Сто двадцать рублей, взятых предшественником, я потратил до копейки на известь, мыло, уксус и полотно. Возврату они не подлежат, потому что их больше нет.
Бумага с моим обязательством доставлять уведомления лежит в запертой конторке трактира «Якорь».
Одно уведомление сдано. Пустое, но сдано.
Мы уходим двадцать шестого августа. Нынче седьмое.
И вот тут я обнаружил то, что не давало мне спать третью ночь.
Всё дело в сроке.
Сегодня, покуда мы стоим на Кронштадтском рейде, я могу пойти к Головнину и рассказать всё. Меня вербуют. Вот кто, вот чем держит, вот бумага, вот что я им сдал. Я не служил им ни дня и служить не собираюсь.
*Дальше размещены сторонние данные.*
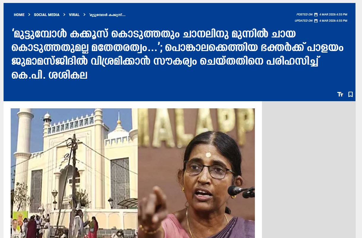 21. മുതിര്ന്ന സിപിഎം നേതാവ് ജി സുധാകരന് സിപിഎം വിടുന്നു എന്ന വാര്ത്തയെകുറിച്ച് ക്രിസ്ത്യന് ഐക്യവേദി എന്ന ഫേസ്ബുക്ക് പേജില് ഒരു കുറിപ്പ് പ്രത്യക്ഷപ്പെട്ടു. തത്കാലിക നേട്ടത്തിന് വേണ്ടി പൊളിറ്റിക്കല് ഇസ്ലാമിന് സ്തുതി പാടുന്ന ഹിന്ദു ക്രിസ്ത്യന് സഖാക്കള്ക്ക് സ്വരാജിന്റെയും സുധാകരന്റെയും രാഷ്ട്രീയ ജീവിതം ഒരു പാഠമാണെന്ന മുന്നറിയിപ്പാണ് പോസ്റ്റിന്റെ ഉള്ളടക്കം: ഹമാസിന് ജയ് വിളിച്ചു കൊണ്ടിരുന്ന എം സ്വരാജ് നിലമ്പൂര് മത്സരിക്കാന് ചെന്നപ്പോള് ജിഹാദികള് സംഘി ആക്കി തോല്പ്പിച്ചു വിട്ടത്തോടെ ഇനി തിരഞ്ഞെടുപ്പില് മത്സരിക്കാന് ഇല്ലെന്ന നിലപാടില് ആണ്. ഹമാസ് അനുകൂല നിലപാട് എടുത്തിട്ടും ആര്യാടന് ഷൗക്കത്തിനെതിരെ മത്സരിച്ച നിലമ്പൂരില് ഹമാസ് ആരാധകര് കാലു വാരുകയും ചെയ്തു. ശബരിമല വിഷയത്തിലെ നിലപാടുകള് കൊണ്ട് കക്ഷത്തില് ഇരുന്ന ഹിന്ദു വോട്ടും പോയതോടെ ഇനി മത്സരിക്കുന്നത് ബുദ്ധി അല്ല എന്ന് സ്വരാജ് തിരിച്ചറിഞ്ഞു. തത്കാലിക നേട്ടത്തിന് വേണ്ടി പൊളിറ്റിക്കല് ഇസ്ലാമിന് സ്തുതി പാടുന്ന ഹിന്ദു ക്രിസ്ത്യന് സഖാക്കള്ക്ക് സ്വരാജിന്റെയും സുധാകരന്റെയും രാഷ്ട്രീയ ജീവിതം ഒരു പാഠം ആണ്(05 മാര്ച്ച്, ഫേസ്ബുക്ക്/ക്രിസ്ത്യന് ഐക്യവേദി).

И как бы капитан ни рассудил, я в этом разговоре буду человеком, который пришёл сам. Худшее, что мне грозит, это списание на берег и долговая яма. Скверно. Но это ещё жизнь.
А теперь возьмём двадцать седьмое августа. Мы в море, берега нет, и я тот же самый человек с той же бумагой, только молчавший.
И вот тогда всё переворачивается.
Тогда я уже не признаюсь. Тогда я попадаюсь. Тогда каждый день моего молчания работает против меня, и любой донос, чей угодно, обращает подозреваемого в изобличённого. Списать меня некуда, оправдаться нечем, а два года в закрытом деревянном ящике с капитаном, который считает тебя предателем, это, я думаю, хуже долговой ямы.
Покуда признание можно сделать добровольно, оно чего-то стоит. Через двадцать дней моё будет стоить ровно ничего.
Я это записал и подчеркнул.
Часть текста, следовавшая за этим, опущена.